Still in the Francophone language, among the most important critical contributions, we include first of all those of Thomas Narcejac (who together with Pierre Boileau, constituted one of the most famous associations of detective fiction of the second half of the twentieth century):

Esthétique du roman policier, 1947: Narcejac analyzes detective literature above all by analyzing that specific to Pierre Boileau. It was precisely this study that fostered knowledge of the counterpart and favored the establishment of the Boilaeu-Narcejac partnership.


 La Fin d'un Bluff. Essai sur le Roman policier noir américain 1949: it is a pamphlet of criticism, also quite determined to the genre. It earned him a controversy with the director of the Série Noir, Marcel Duhamel.

Le Roman Policier, 1964: one of the best contributions to the genre. It is not so much a descriptive book, but rather it is a critical one.
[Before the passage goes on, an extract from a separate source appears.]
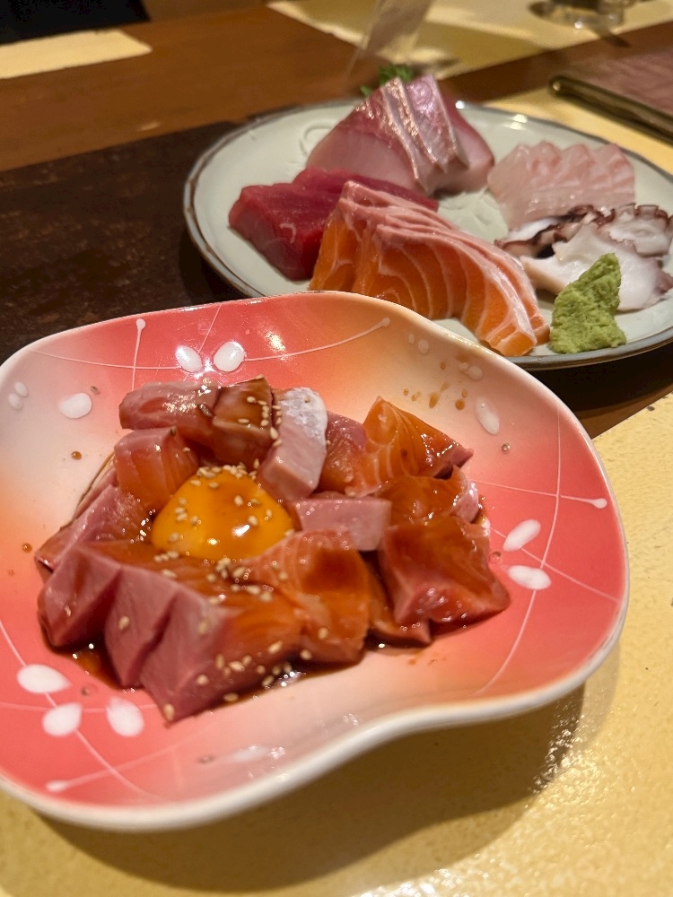 昨日の同伴先でお刺身とサーモンユッケ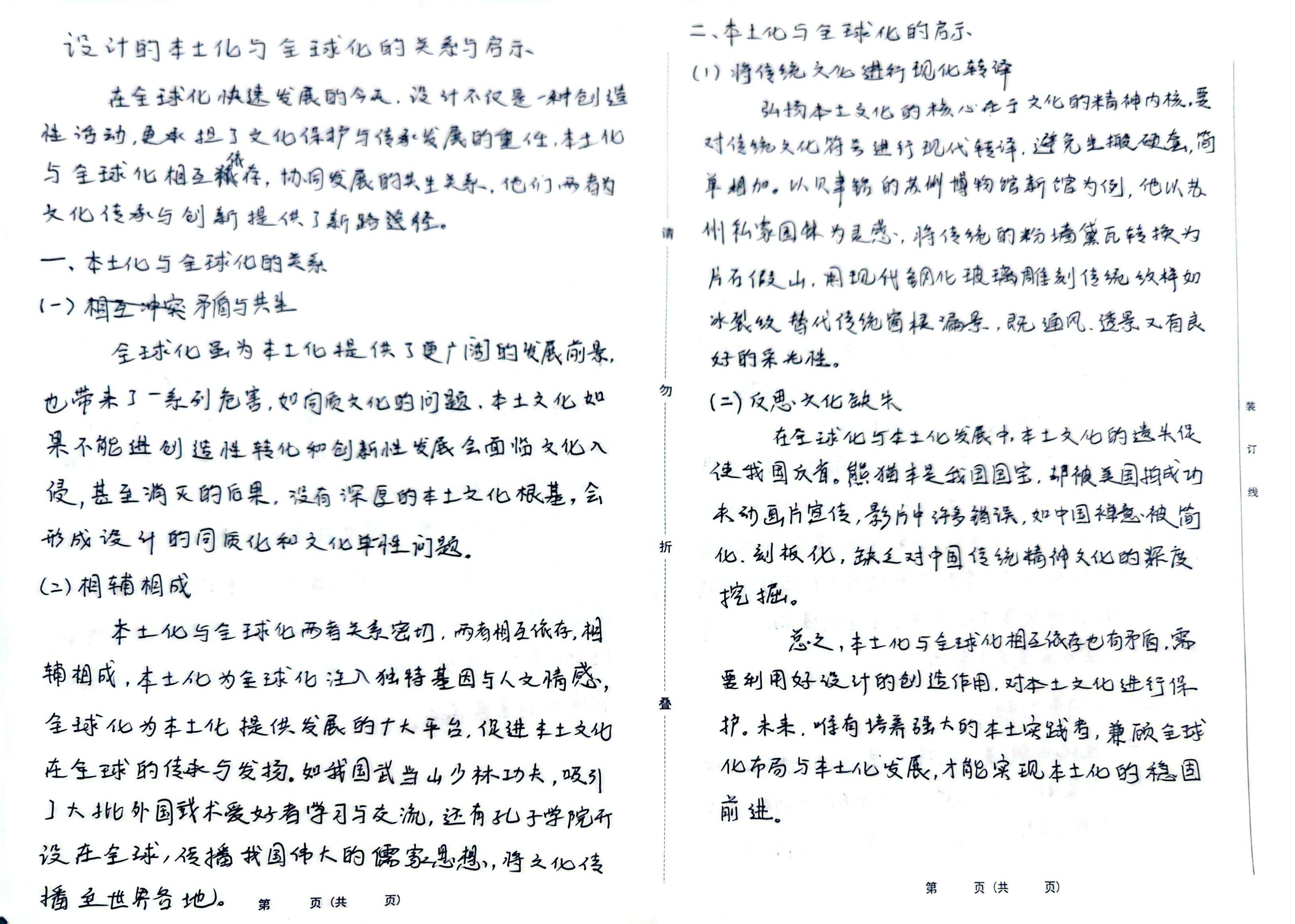 二、本土化与全球化的启示 设计的本土化与全球化的关系与启示 (1)将传统文化进行现化转译 在全球化快速发展的今天,设计不仅是一种创造 弘扬本土文化的核心在于文化的精神内核,要 性活动,更承担了文化保护与传承发展的重任,本土化 依, 对传统文化符号进行现代转译,避免坐搬硬套,简 与全球化相互存,协同发展的共生关系,他们两者为 单相加。以贝聿铭的苏州博物馆新馆为例,他以苏 文化传承与创新提供了新路径。 请 州私家园林为灵感,将传统的粉墙黛瓦转换为 一、本土化与全球化的关系 片石假山,用现代钢化玻璃雕刻传统纹样如 (一)矛盾与共生 冰裂纹替代传统窗根漏景,既通风、透景又有良 全球化虽为本工化提供了更广阔的发展前景, 好的采光性。 也带来了一系列危害,如同质文化的问题、本土文化如 勿 (二)反思文化缺失 装 果不能进创造性转化和创新性发展会面临文化入 在全球化与本土化发展中,本土文化的遗失促 订 使我国反省。熊猫丰是我国国宝,却被美国拍成功 侵,甚至消灭的后果,没有深厚的本土文化根基,会 线 夫动画片宣传,影片中许多错误,如中国禅意被简 形成设计的同质化和文化单一性问题。 折 化。刻板化,缺乏对中国传统精神文化的深度 (二)相辅相成 挖掘。 本土化与全球化两者关系密切,两者相互依存,相 总之,本土化与全球化相互依存也有矛盾,需 辅相成,本土化为全球化注入独特基因与人文情感, 要利用好设计的创造作用,对本土文化进行保 叠 全球化为本土化提供发展的广大平台,促进本土文化 护。未来,唯有培养强大的本土实践者,兼顾全球 在全球的传承与发扬。如我国武当山少林功夫,吸引 化布局与本土化发展,才能实现本土化的稳固 ]大批外国或术爱好者学习与交流,还有孔子学院开 前进。 设在全球,传播我国伟大的儒家思想,将文化传 播至世界各地。 第 页(共 页) 第 页(共 页)

Not at home the pair of authors identifies the mechanism of Suspence through the one-to-one relationship Reader - Victim - Murderer, with all its various facets.

Une machine a lire: le roman policier, 1975: Narcejac, examines the detective genre from its origins and comparing it with field numbers (Religion, Economics, Politics, Literature) demonstrates how it has become such an important representation of our daily life.

Furthermore, in addition to La double mort de Frédéric Belot, a formidable deductive novel by Claude Aveline, a Double note sur le roman policier, written by a leading intellectual like Aveline, was published by the same, a leading French intellectual of the French left. , with the aim of clearing the police literature considered a literary sub-genre in France (but also in Italy), hit the mark and made the Aveine novels become literary cases: ... "Il n'y pas de romans nobles belonging aux Belles- Lettres (qui en décide?) Et de romans moins nobles parmi lesquels on range selon the arbitrator habituel romans populaires, d'aventure, romans policiers ”.

Another story of crime fiction in France is that of David Platten, The Pleasures of Crime. Reading Modern French Crime Fiction (2011). However, it is a patchy examination. Treats the major contemporary authors (Vargas etc.) and some of the past (Simenon, Very ..) but forgets many others (Vindry, Boca, Meirs, etcc).


Pietro De Palma




1 comment:

  1. A couple of titles you've omitted are The Puritan Pleasures of the Detective Story by Erik Routley (an interesting read, despite containing numerous errors) and The Lady Investigates by Patricia Craig and Mary Cadogan.